花云笙摸了摸自己肚子,闭上眼,将栏杆捏得化为了齑粉。
而后花云笙又笑了,笑眯眯的,唇角都差不多咧到了耳根,自言道:“我算是知道花秋慈那家伙为什么会哭了,可真是难得,见到了大师姐哭我可真开心呐。”
“以为我看到这些个东西会难过?像花秋慈那般哭得失去意志么?”花云笙悠悠叹了口气,“众生苦难这么多,这些哪里值得一提呀。我现在过的开心不就成了。
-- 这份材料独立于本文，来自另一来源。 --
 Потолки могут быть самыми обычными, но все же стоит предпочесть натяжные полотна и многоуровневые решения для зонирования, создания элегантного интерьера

”
说罢,一阵气爆自花云笙为中心,将眼前的这些东西全部打破了,一切变为粉碎。花云笙再次睁开眼,周遭又变成了葬仙岛内的破树林子,已是出阵了。只是花秋慈还是没恢复正常,像一只受伤了的兽类,伏在地上,满是泪痕。
花云笙倒是心疼,可还是好奇花秋慈到底是看见了什么。摇了摇头,花云笙从自己乾坤袋里拿出了一支安神香,点燃了,蹲下身子刚想放在花秋慈旁边,却被突然暴起的花秋慈扑倒在地,而后自己脸上也是挨了结结实实的一拳。
“花秋慈你疯了!”比起脸上火辣辣的疼,花云笙更吃惊的是花秋慈敢打自己的脸!
“还给我......全都得死......”花秋慈却只是喃喃。
花云笙正对着阳光,眼不能看,本就落了下风,这会仔细一看花秋慈的样子,便是吓得魂都要飞了,花秋慈此时是魔气缠身,双目赤红不见瞳孔,看样子便是走火入魔失了理智了。
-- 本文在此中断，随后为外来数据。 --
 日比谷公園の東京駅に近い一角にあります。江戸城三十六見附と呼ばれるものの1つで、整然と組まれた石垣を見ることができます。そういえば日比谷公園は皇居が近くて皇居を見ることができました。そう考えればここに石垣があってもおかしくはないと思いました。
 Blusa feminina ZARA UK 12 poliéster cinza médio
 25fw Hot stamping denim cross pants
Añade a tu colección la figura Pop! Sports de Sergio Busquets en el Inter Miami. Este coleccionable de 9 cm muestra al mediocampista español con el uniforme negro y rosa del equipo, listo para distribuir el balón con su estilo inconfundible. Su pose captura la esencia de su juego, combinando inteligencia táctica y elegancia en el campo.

“花秋慈!”花云笙又是大叫,赤鳞蛇察觉到了契约主的危机,此时悄悄爬上花秋慈的身子,而后将尾巴缠绕在花秋慈的脖颈上,獠牙大现,花云笙见着了,又连忙命令:“不得伤她!”
而花秋慈身上的魔气此时具象化,有了实质,变成了一柄柄黑红色的利刃,对着花云笙便是刺了下来,花秋慈的手也是直接掐住了花云笙的脖子。
花云笙是真的又急又气,堪堪掐着诀挡住了魔气而成的几把刀刃,脖子上的手她却没了办法,呼吸是越来越缓慢了。
“花秋慈你个杀千刀的......看你回去,师尊不扒了你的皮!......你不是最喜欢......红尘那女人了么,你要是敢杀了我......她......一定会厌恶......你......”
听到红尘的名字,到底花秋慈脸上出现了松动,手间的力量也松了。花云笙连忙想要趁机逃脱,虽然此时心情又难过又苦楚,结果花秋慈又再度使上了力气,竟是比之前还要大了,花云笙觉着如果自己不是元婴的身躯体魄,便是骨头都要被生生掐碎。
唯一能依靠的赤鳞蛇,花云笙下了死命令不许它伤了花秋慈,因为赤鳞的毒,无解。花云笙也是从来都打不过这个大师姐的,何况现在花秋慈是起了杀心真要杀她。
赤色小蛇在一旁不安地扭动着身躯,感受到了契约主生命气息越来越薄弱。
花秋慈身上的魔气又是具象化起来,像一只高高翘起尾巴的蝎子,而后那根剧毒的尾刺,对着花云笙狠狠扎了下来。